Continued from here:
Today, for the first time, Sadie ate and kept her food down. The past week or so has been a roller coaster ride that’s slung me from ridiculous hope to absolute despair and back again. On Friday the vet told me to prepare my daughter for the possibility of a hard decision if Sadie’s clinical signs didn’t improve and if her liver enzymes were still high. On Saturday, one of the liver panels crept down a squinchy bit, although the other stayed so high it was off the charts.
“Let’s give her a couple more days,” the vet said. She was still refusing food, still vomiting bile. But he reckoned she wasn’t really suffering. She didn’t seem to be in pain, and the worst of the nausea was kept under control by massive doses of anti-nausea medicine.
Today, this morning, she showed high energy despite not having eaten for a week. She ate lean turkey lunch meat from my hand, and kept it down, for three different meals. One liver panel is still off the charts, but the other had come down almost 200 points from the last reading, and 250 or so points from the high of over 1000. Every time I go in, she improves a little. I take her outside for a walk, holding her IV fluid bag high in the air.
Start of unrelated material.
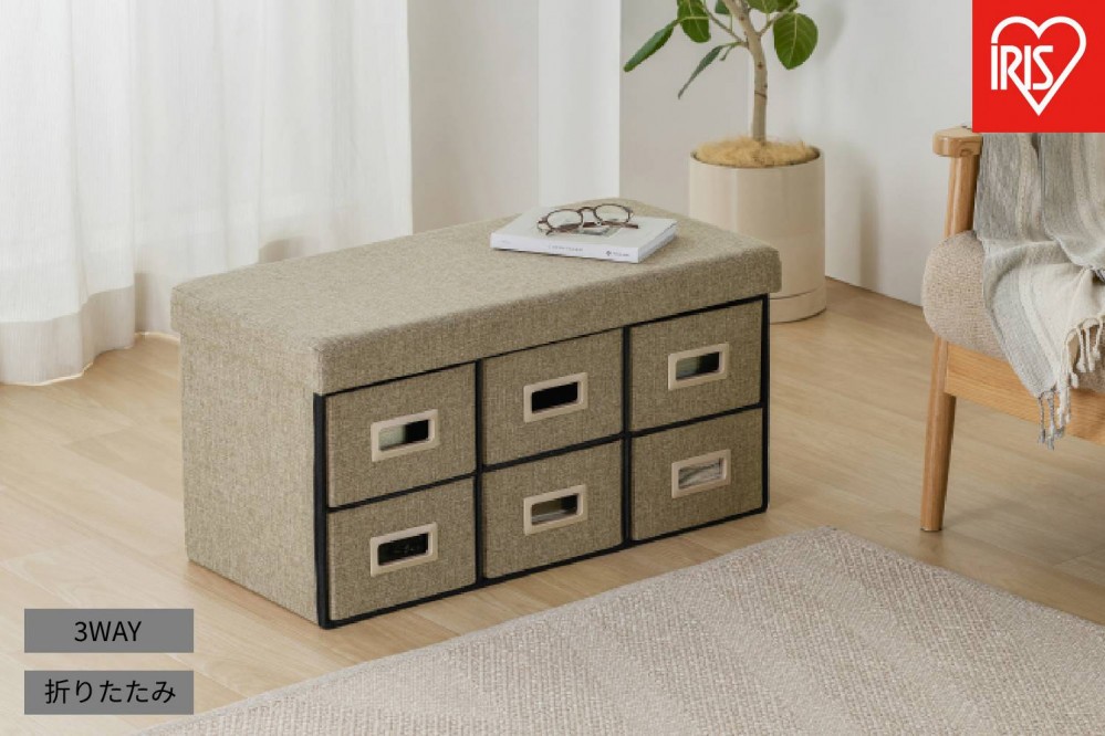 | 容量 | ●製品サイズ(cm) 使用時外寸:幅約76×奥行約37.5×高さ約38.5 座面の高さ:約38.5 本体内寸:幅約72.5×奥行約33.5×高さ約33.5 引き出し(1個あたり)内寸:幅約22.5×奥行約33×高さ約14 折りたたみ時:幅約76×奥行約37.5×高さ約13 ※破損する恐れがあるため、収納ボックスとして使用するときは座らないでください。 ●製品質量 約10.7kg ●構造部材 繊維板 ●張り材 ポリエステル ●クッション材 ウレタンフォーム ●耐荷重 収納ボックス時:天面約10kg/引き出し(1個あたり)約3kg スツール時:約80kg ※耐荷重は測定値であり、保証値ではありません。 |

Then I sit on a stool with her in my lap while she sleeps. I try to tempt her with food. Today, finally, she deigned to eat. (She ate one other day, but threw up right away and then refused food for days afterwards).
Three meals. Three meals and no vomiting. Yellow eyes. Yellow skin. A bag of loose skin on pointy little bones. Blown veins in her legs from IV fluids for nine days, but today, today, she licked the IV wounds on her right front leg, showing interest in grooming herself for the first time.
I can’t put her back in the kennel. She clings to me, bites my sweater, throws herself out of the kennel into mid-air when I try to close the door. Now David, wonderful vet tech David, helps me. He holds her for me while I say goodbye. Then he puts her into the kennel for me. He tells me she cries after I leave. I wonder if me visiting two or three times a day is a good idea, and the techs say, “Yes. She loves it. She eats for you. She perks up for you. It’s making a real difference to her recovery.”
So I’ll go in there before work and afterwards tomorrow, with my bag of turkey lunch meat, and I’ll take her out for a walk and a cuddle, and I’ll hand feed her little bits of turkey and whisper stories in her ear of the day we can go once more for a walk in the canyon. When I mention the canyon, she licks my hand and looks into my eyes. She can’t wait.
There are no guarantees, but she’s one spunky little dog, and she’s fighting as hard as I am.
Keep the prayers and the om manis and the good wishes coming, please. And thank you.